After a month, I was done living in Arizona and all I wanted was to get back to my father, the one that had been there for me since day one. I packed my bags and headed back to Tulsa, OK, anxious to be with my father and brother again, but I would not find solace here. Shortly after my arrival, my father informed me that he was moving to Lake Placid, NY to be with his girlfriend. Rightfully so, as my father’s business had plummeted and his “get rich quick” schemes had not proven successful. As a result, he had debt collectors after him for not paying his bills. I understood my father’s plight, but I’d been in Oklahoma since I was in 6th grade, so I’d actually created a good friend-base here. I longed to stay and continue school.
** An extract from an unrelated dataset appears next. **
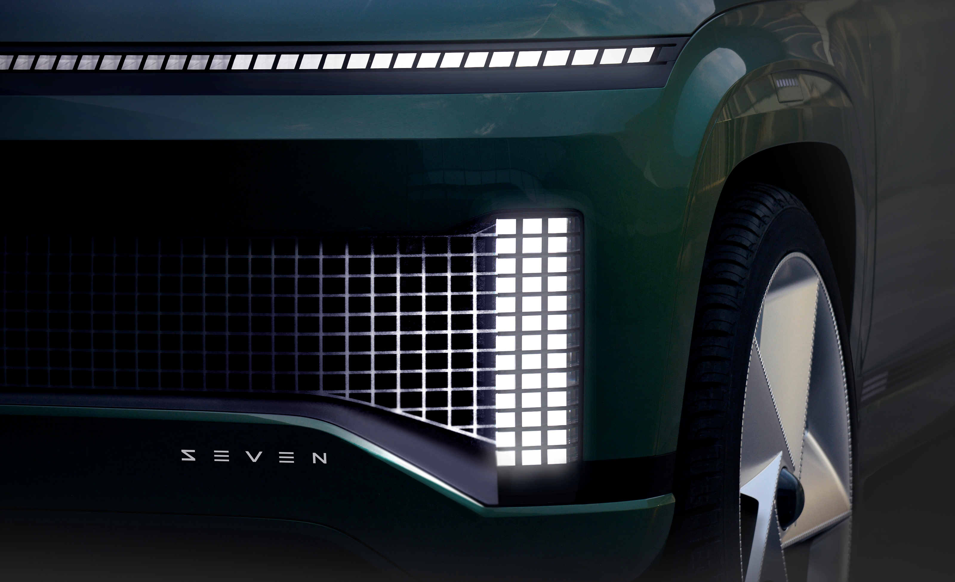 세븐은 2019년 ‘45’, 2020년 ‘프로페시’ 콘셉트카에 이어 전용 전기차 브랜드 아이오닉의 세번째 도약을 알리는 콘셉트카로, 대형 SUV 전기차 비전을 제시하는 모델이다.

Perhaps the only bit of luck I thought I had in a long while, I soon came upon a welcomed opportunity in the form of a single mother with two boys who offered me room and board in exchange for being a nanny to her children.  What seemed to be a good idea quickly turned into a not-so-good one. As many often do, I began to discover many aspects about this family that I had been naive about prior to my living in their home. I always say you don’t truly know a person until you either travel or live with them. In the short time I’d been there, I soon realized that I would not only be a nanny to the boys, but to their mother as well. I often found myself caring for her after she’d go out at night.  This was not what I needed in my life right now, to have to babysit a full-grown woman while she reeled from the effects of alcohol. Not what I needed at all, but I couldn’t see that when one night, I decided to let alcohol numb my pain too. This house I’d chose to live in gave me a place to hide and the alcohol and pain medication gave me the tunnel to crawl into and duck away from everything painful. In this deep, dark place, I sat on the palm of despair and medicated myself in hopes that the fingers would close and trap me forever. My bedroom was my hiding place where I’d found solace, albeit the wrong solace, but it was solace nonetheless.  I would read and write when I was alone, but my writing was as desperate as myself:


Spore of Immortality
A whisper so gently to the falling of a tear,
The spore of immortality is somewhat near.
The raising of the moon, the callow of the sun,
makes the day seem deeply young.
You wonder if the grass will ever grow tall.
You wonder about the stars, will they ever fall.
Thoughts of immorality are always near, however
the thought of death seems ever clear.


Two weeks before I was to graduate from high school, another turn of events caused me to fall into a deeper hole than the one I was already in.  It all started with an argument I’d had involving a couple of close friends during a powder puff football game.  The argument bothered me because at this point, these two people were the closest friends I had. I went home after the argument, feeling defeated and hopeless. I went directly upstairs, poured all my prescription drugs onto a book and one by one, began to swallow each pill, chasing them down with beer. In my hazy state, I illegibly began to write a letter. I felt unloved, unappreciated and the disease had changed my life so much that I felt that I no longer measured up to who people thought I should be. My teammates were off living their dreams and playing on college teams, while I sat here on my bedroom floor, full of drugs and alcohol and full of complete and utter pain, emotionally and physically.  Thankfully, I only passed out and awoke the next morning. I drove myself to the nearest emergency room and had my stomach pumped while the doctor said, “God must have been watching over you.”  Indeed. He must have. Still, I challenged God’s protection and watchful eye, by continuing to endanger my life with the combination of vodka and pain medication. This addiction would last for a few more years, but as they always say, sometimes you just have to “hit rock bottom” before you can rise again.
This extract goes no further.